Moritz Grossmann recently launched two new limited edition versions of their HAMATIC Vintage and Benu TOURBILLON in red gold, with black dials. Both also feature the brand’s first use of 750/000 rose gold in-house handmade hands.
As is the case with other HAMATIC Vintage models, this new model’s case is 41mm, with a thickness of 11.35mm. It is in 750/000 rose gold and has a water resistance of 30m.
Let’s look at the black dial for both of these two new limited editions – they are made by applying several layers of anthracite lacquer to a German silver base and polished until the effect is mirror-like. After that, a transparent layer of lacquer is applied.
The characteristically Grossmann slender solid gold hands take one day to complete a single set, starting with the milling of the blank from a gold plate which is then hand ground using diamond files, and hand polished.
For those who do not know, the automatic Calibre 106.0 was especially designed for the HAMATIC. It has a 2/3 plate and Glashütte stripes. Beating at 21,600 VPH, it has a power reserve of 72 hours. What is of particular note about it is that it is not powered by a rotor, but a small pendulum in the shape of a gold hammer. The oscillation of the bi-directional hammer winding system is picked up by two click levers and transferred to click wheels, converting the energy generated through the wearer’s movements to the ratchet wheel and the mainspring in the barrel.
The watch can be wound by hand in addition to the self-winding mechanism. The HAMATIC also offers a stop-second function.
Coming on an alligator strap with a pin buckle in rose gold, the new HAMATIC Vintage is limited to eight pieces. It is priced at EUR 41,800 (excluding taxes)/ AUD 71,000 (AUD $64,545.45 ex GST) and can be purchased directly from them or if you are in Australia, through Define Watches.
Next up is the TOURBILLON in 750/000 rose gold with a black dial whose rhombus hands are also in solid gold.

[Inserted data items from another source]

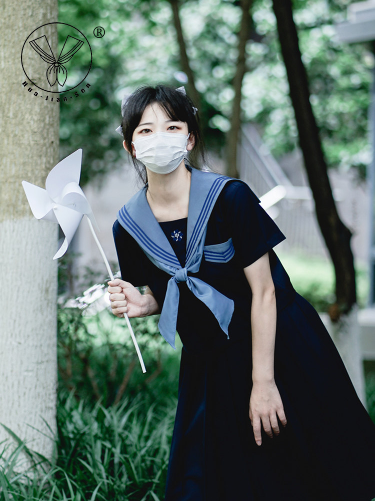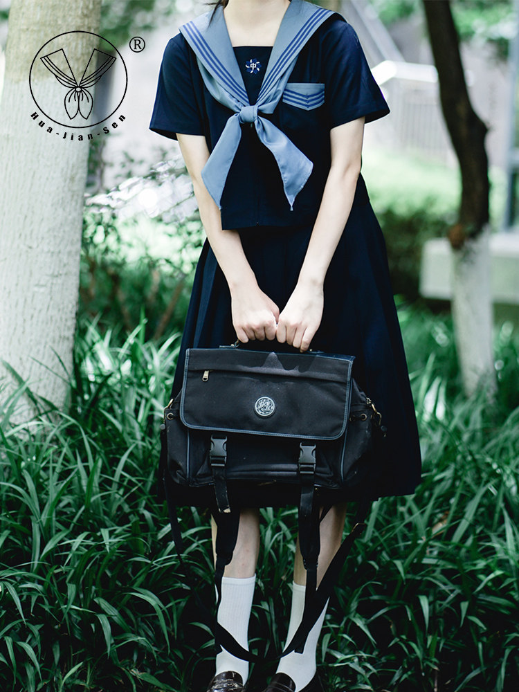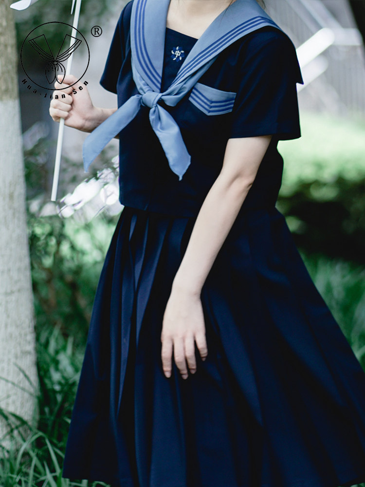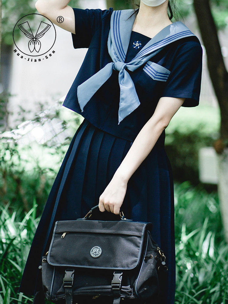 清仓 【泉铃中】浓绀色三本正统JK制服校供感中间服领巾水手服
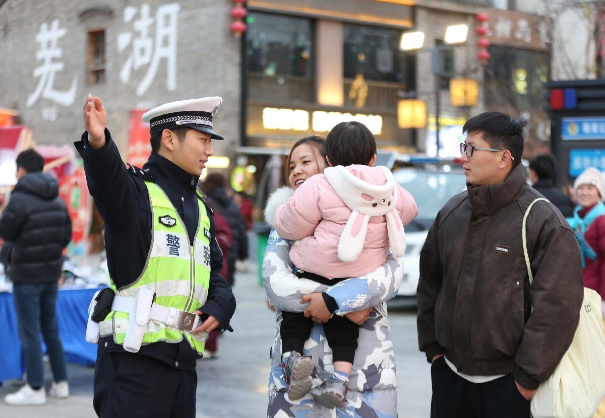 1月1日,安徽省蕪湖市公安局鏡湖交管大隊(duì)民警在古城景區(qū)執(zhí)勤,服務(wù)群眾。
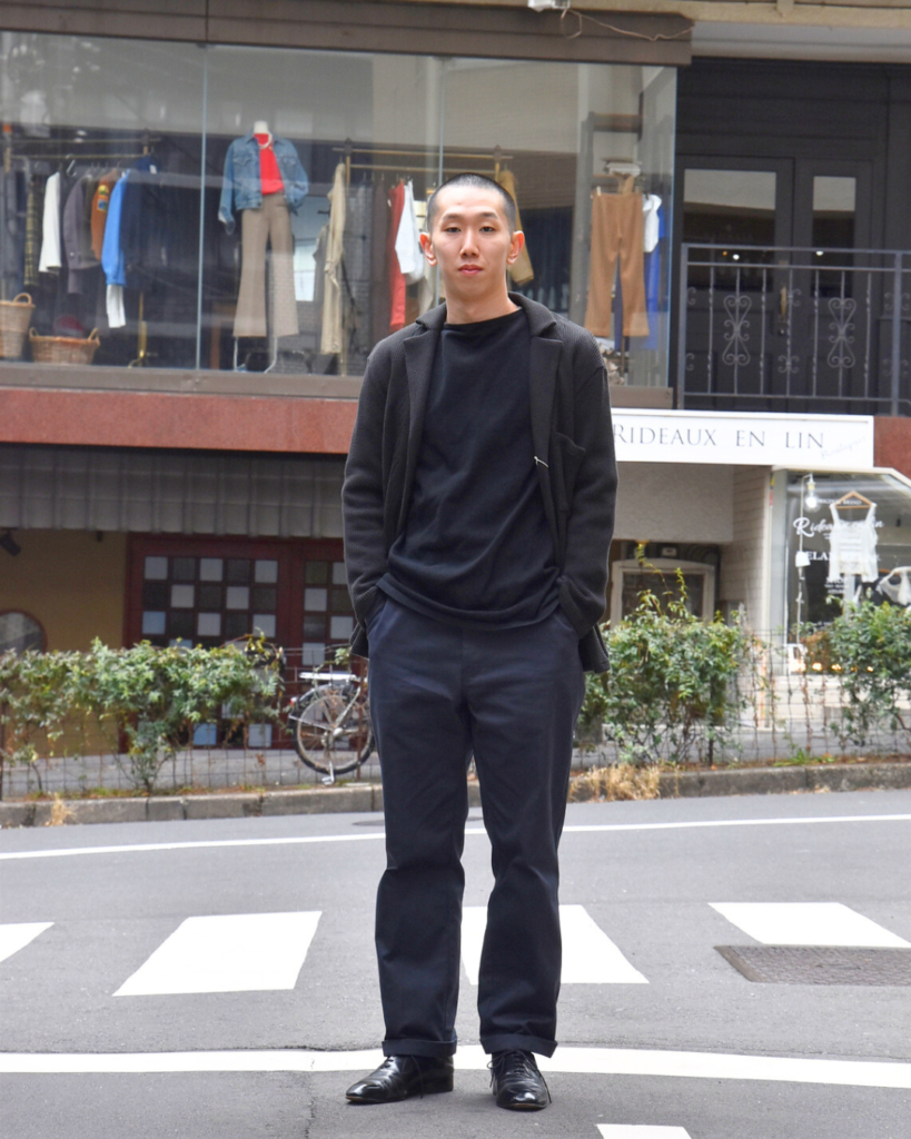 まず目を惹くのはこの色合い。黒系なんだけれども重たくない。どこか青みを感じるような、他のグレーとは異なる色合い。それでいて、合わせやすい。

Its case is 44.5mm (thickness of 13.8mm). The functions on the blackened solid silver dial are shown via off-centre displays for the hours and seconds.
In looking at the sub dials and tourbillon, you will notice something – the gap between 25 and 35 minutes where the tourbillon is situated. Moritz Grossmann’s TOURBILLON ensures that you know the exact time by mirroring it in a truncated scale that bridges the two displays, and it is read via an extension of the central minute hand. A balanced and elegant looking way of doing this.

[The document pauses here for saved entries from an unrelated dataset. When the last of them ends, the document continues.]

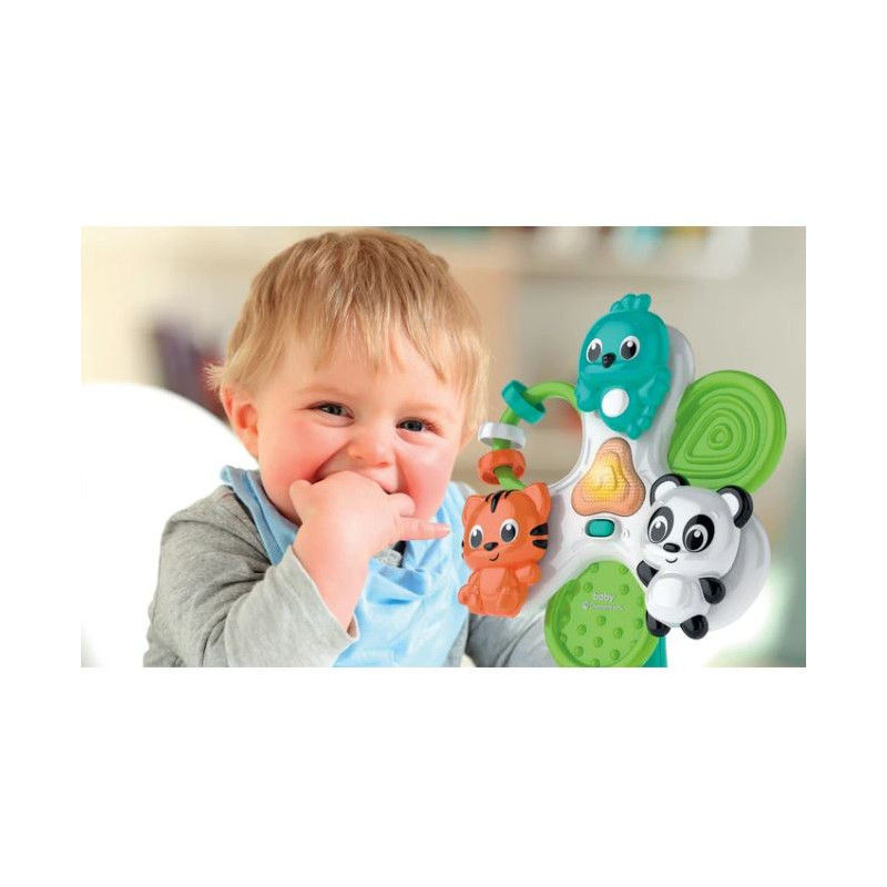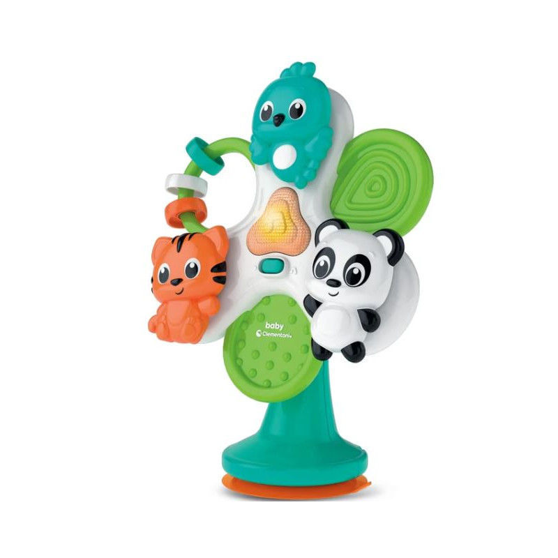 Une amusante roue et ses animaux pour divertir les plus petits avec de jolies mélodies et des effets sonores. Les 3 sympathiques animaux tournent avec la roue et sur eux-mêmes. Avec 3 anneaux à manipuler et des textures à explorer. La ventouse située sous la base permet de fixer le jeu sur la chaise haute de manière pratique et simple. Avec plein de mélodies et de sons qui amuseront l’enfant tout en en stimulant ses sens et sa coordination œil-main. Dimensions : 20 x 25 x 12 cm
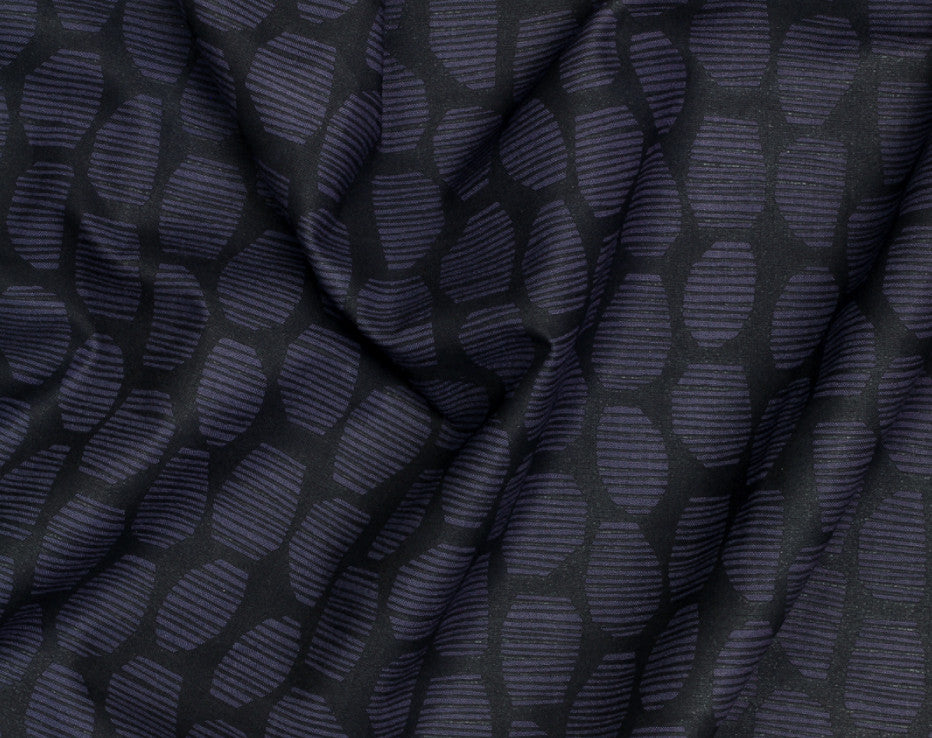Ever the epitome of understated style, Atelier Brunette always has my attention. Welcome a fabric that comes alive in the daylight. On first glance this design and colour way is extremely subtle (that’s why I love it), the loveliness of the design takes time to develop. The photographs taken outdoors show how the colours become enlightened! A crisp and gorgeous viscose with a very slight sheen on it, with a gorgeous geo pattern (I know I say that a lot!) The deep blue shows shadows of purple undertones, think dark shadows under moonlight and you’re on the right track! This fabric would work for many projects, I’m thinking of a shirt or a dress...
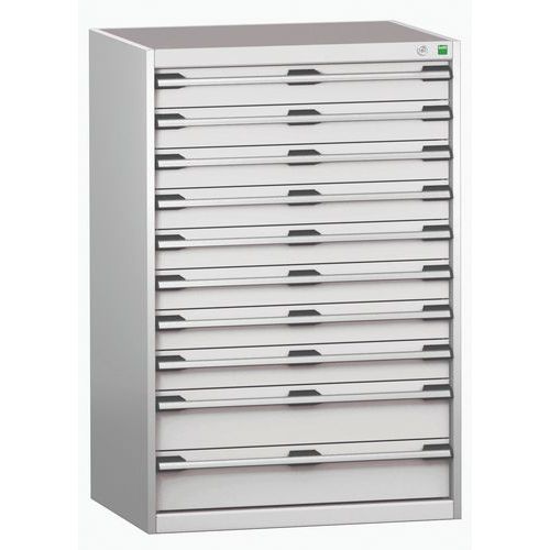 Bott Cubio fiókos szekrények 200 kg teherbírású fiókokkal és 100%-ban görgős csapágyakkal bővíthető. Magas hegesztett acél konstrukció 1,5 tonna teherbírásig, porszórt bevonattal. Központi zárrendszer és több nyitás blokkolása fiókok egyszerre. Ergonomikus fogantyúk feliratos szalaggal, zárás hengerzárral két kulccsal.
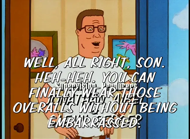 WELL, ALL RIGHT, SON. HEH-HEH. YOU CAN FINALLY WEAR THOSE OVERALLS WITHOUT BEING EMBARRASSED.
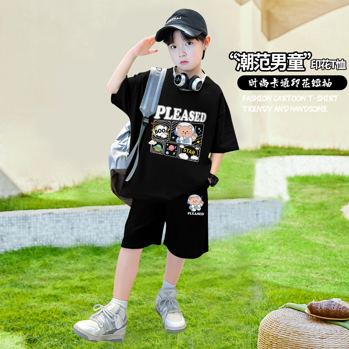 儿童套装夏季男童潮流帅气透气百搭短袖短裤中大童两件套装 565135

Powering all of this is the manually wound Calibre 103.0 with a 2/3 plate in untreated German silver which beats at 18,00 VPH and has a power reserve of 72 hours. The three-minute flying tourbillon’s cage is suspended from a cantilevered, hand-engraved German-silver cock. The upper part of the cage is a V-shaped balance bridge. Its hairspring is located beneath the Grossmann balance wheel.
The cage has two triangular posts, and a quirk which some of you may know is that the tourbillon’s patent-pending stop-seconds mechanism uses human hair.
Also limited to eight pieces, and coming on a black alligator strap with a rose gold butterfly clasp, it is priced at EUR 176,000 (including taxes)/ AUD $251,000 (AUD $228,181.82 ex GST) and also available directly from Moritz Grossmann or if in Australia, from Define Watches.